A Carne Barrosã DOP, que toda a gente associa às terras altas de Trás-os-Montes, cá aparece nos pratos de quem tem um primo criador. A carne, marmoreada e de sabor intenso, chega às mesas locais em guisados que a tia Amélia deixa no lume desde as nove da manhã. O Mel das Terras Altas do Minho DOP completa o quadro - mel escuro, denso, com notas de castanheiro e urze, colhido nos apiários que pontilham os lameiros.
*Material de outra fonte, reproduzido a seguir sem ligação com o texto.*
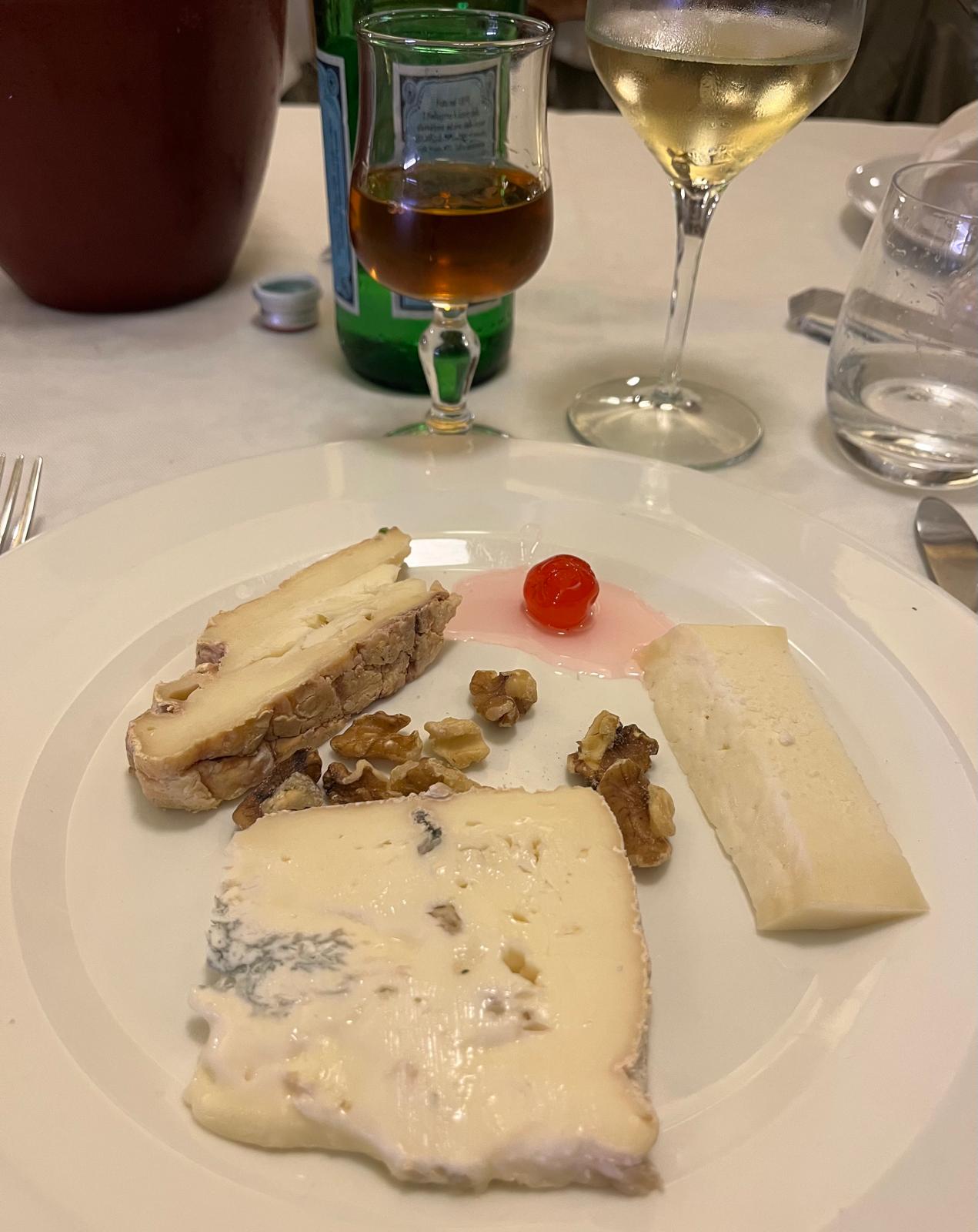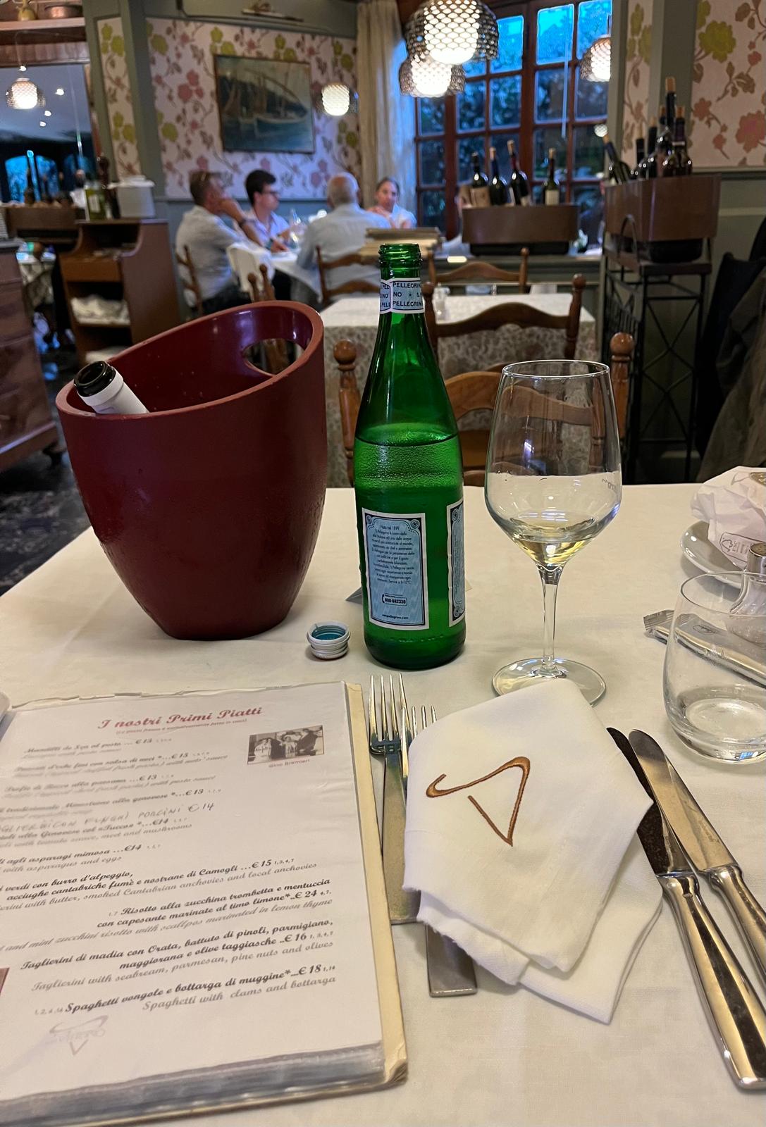 Sono arrivata lì quindi, davanti all’imponente balcone della reception e subito mi hanno fatto sedere e proposto l’acqua. Inizia lì la meraviglia del momento. Io che scruto ogni dettaglio, parete, cameriere, tavolo, ospite. I camerieri sembrano ballare un valzer; leggeri, attivi, discreti, eleganti. Il menù propone un’ampia proposta di specialità liguri e anche il vino è locale. E’ un sabato sera di fine settimana lungo e la gente sembra felice e leggera e solo questa visione mi rende felice anche io. Non potevo non iniziare le festività con l’antipasto sicuramente più mitico del ristorante; la focaccia col formaggio di Recco IGP, fatta in casa. Portata in un piatto ottagonale dall’atemporale eleganza, arrivata bella calda, con il formaggio filante, era squisita. Mi faccio consigliare per il primo; dei taglierini verdi con burro d’alpeggio, acciughe cantabriche fumè e nostrane di Camogli. Una meraviglia di delicatezza, di sapori fini e genuini. Abbinati con un Vermentino fresco sono affascinata dal momento e dalla degustazione. Io che adoro le cene solitarie, stasera mi voglio proprio godere tutto del momento. Credo che ogni mio boccone fosse accompagnato da un mio sorriso. Come spesso succede, ho proseguito e concluso con l’assaggio di formaggi. Erano in tre, tre meravigliosi formaggi regionali, con ciascuno un profilo distintivo dagli altri, serviti con un calice di passito e una mostarda di ciliegina. Favoloso… Caffè, come da tradizione… e un mirto offerto dal proprietario, preso al bar. Ero senza parole, era stato tutto perfetto – succede, tristemente, sempre più raramente da essere notato – , ben oltre le mie aspettative, portavo con me il ricordo indimenticabile di un posto che mi aveva accolta, curata, dato tanti piaceri, dall’inizio fino alla fine. Sapevo già che Da O Vittorio sarebbe stato un posto in cui avrei voluto tornare già appena uscita dal locale.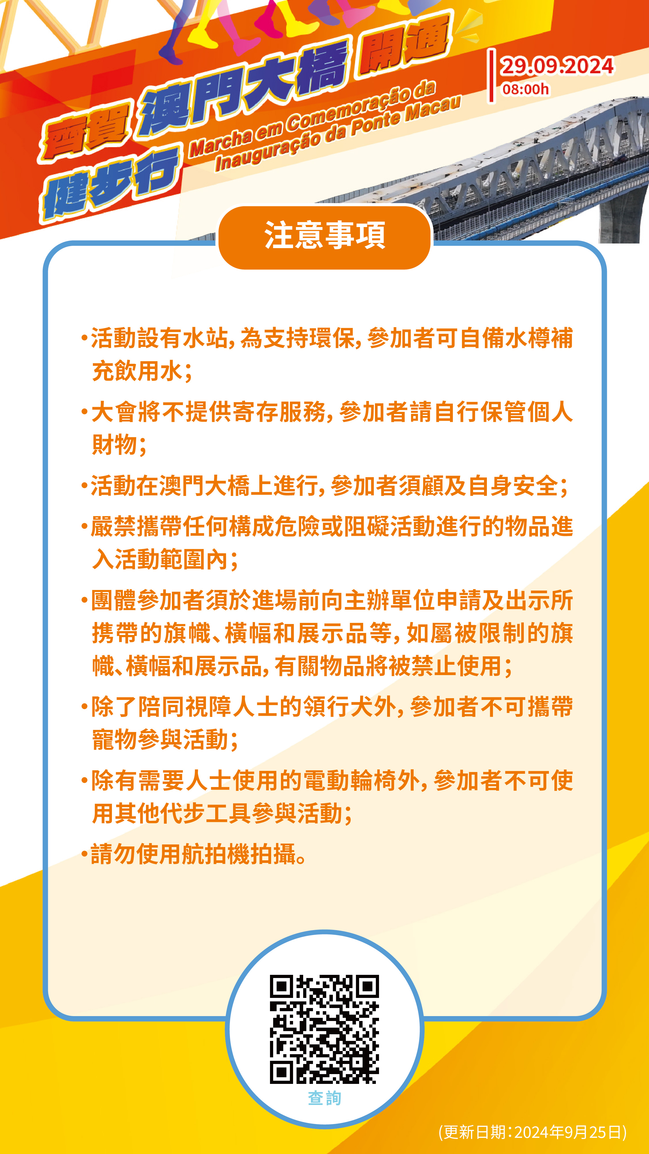 “齊賀澳門大橋開通健步行” 全程約6公里,中途不設離場通道,主辦單位提醒參加者在出發前應自行評估體力狀況。由於活動在澳門大橋上進行,參加者須顧及自身安全;嚴禁攜帶任何構成危險或阻礙活動進行的物品進入活動範圍內;請勿使用航拍機拍攝。現場不提供寄存服務,參加者請自行保管個人財物;團體參加者須於進場前向主辦單位申請及出示所携帶的旗幟、橫幅和展示品等,如屬被限制的旗幟、橫幅和展示品,有關物品將被禁示使用;除了陪同視障人士的領行犬外,參加者不可攜帶寵物參與活動;除有需要人士使用的電動輪椅外,參加者不可使用其他代步工具參與活動。此外,如需帶備雨具,主辦單位呼籲參加者自備輕便雨衣。活動當日現場設有水站,為支持環保,參加者可自備水樽補充飲用水,細則請查閱活動章程。

O Zé do Cabaril vende-o em garrafões de plástico, mas é mel que podia competir com os melhores das lojas da cidade.
Celebrar São José
A Festa de São José é o que marca o calendário. Não há fogo-de-artifício que se veja - o orçamento não dá para isso - mas há procissão que percorre as ruas estreitas, os cânticos na igreja, a missa solene seguida do convívio no adro. As mulheres trazem bolos de mel em tabuleiros de alumínio, as crianças correm entre os adultos, e por algumas horas a freguesia parece ter o dobro dos habitantes. É quando o Filipe, que foi para Lisboa há vinte anos, aparece com a mulher e os filhos que só falam lisboeta.
Geometria do Quotidiano
Com quarenta e três jovens e setenta e três idosos, São João de Rei espelha o desequilíbrio demográfico do interior minhoto. Mas os números não contam a história completa. Não dizem que o António, com 78 anos, ainda vai ao campo de manhã cedinho, nem que a escola primária fechou há dez anos mas a professora continua a viver na aldeia. A densidade de 66,85 habitantes por quilómetro quadrado é um valor que, em abstrato, nada diz sobre o modo como as casas se agrupam em núcleos, deixando entre si campos cultivados, bosques de carvalhos, caminhos de terra batida onde ainda se vêem os sulcos deixados pelos tratores dos anos 70.
Os três alojamentos registados - duas moradias e um quarto na casa da D. Fernanda - não fazem desta uma freguesia turística. Quem aqui pernoita vem procurar precisamente isso: a ausência de circuito, de roteiro obrigatório, de multidões. Vem pelo silêncio denso das noites em que só se ouvem os cães lá ao fundo, pelas manhãs em que o nevoeiro sobe do vale como um rio invertido e o café do Zé abre às sete e meia em ponto.
A luz da tarde recorta os telhados contra o verde dos montes. Uma porta range, alguém chama pelo Piloto (que é um cão, não um avião), o fumo sobe direito de uma chaminé. São João de Rei não promete espectáculo - oferece apenas a textura áspera do granito, o sabor mineral do vinho verde, o peso concreto de um lugar que existe sem pedir licença a ninguém.